There is a time to be stubborn, and there is a time to simply let go. With Cindy, I initiated all 6 break-ups with her from April 2005 to March 2006, but every time, she accepted me back, followed by great sex and a rougher and rougher relationship. I will not deny that I am the type to try to work things through to the end, but the fact that I initiated 6 break-ups with her told me that there was something very wrong with our relationship. If the lure of great sex wasn’t there damn it, and her weak rejection of allowing me to massage her yummy breasts while she works on her homework, most likely I wouldn’t have gotten back together with her all those times.
Great sex. Damn, I’m such a horny fool.
Mind you though, it was REALLY damn great sex. [sighs]

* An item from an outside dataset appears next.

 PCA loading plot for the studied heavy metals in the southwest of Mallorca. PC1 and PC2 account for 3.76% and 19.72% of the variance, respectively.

[another 30 minutes later]
Well, Laura just called to vent to me about less-than-capable grade 8’s in her classes amongst other things.
Right. So to end this rant, we put ourselves through all the excuses, then come to a point where things become a bit or a lot more difficult, but ultimately, those with the right frame of mind should know what we should do regardless of what there is in potential. This isn’t a business deal or war. This is between two people – not three.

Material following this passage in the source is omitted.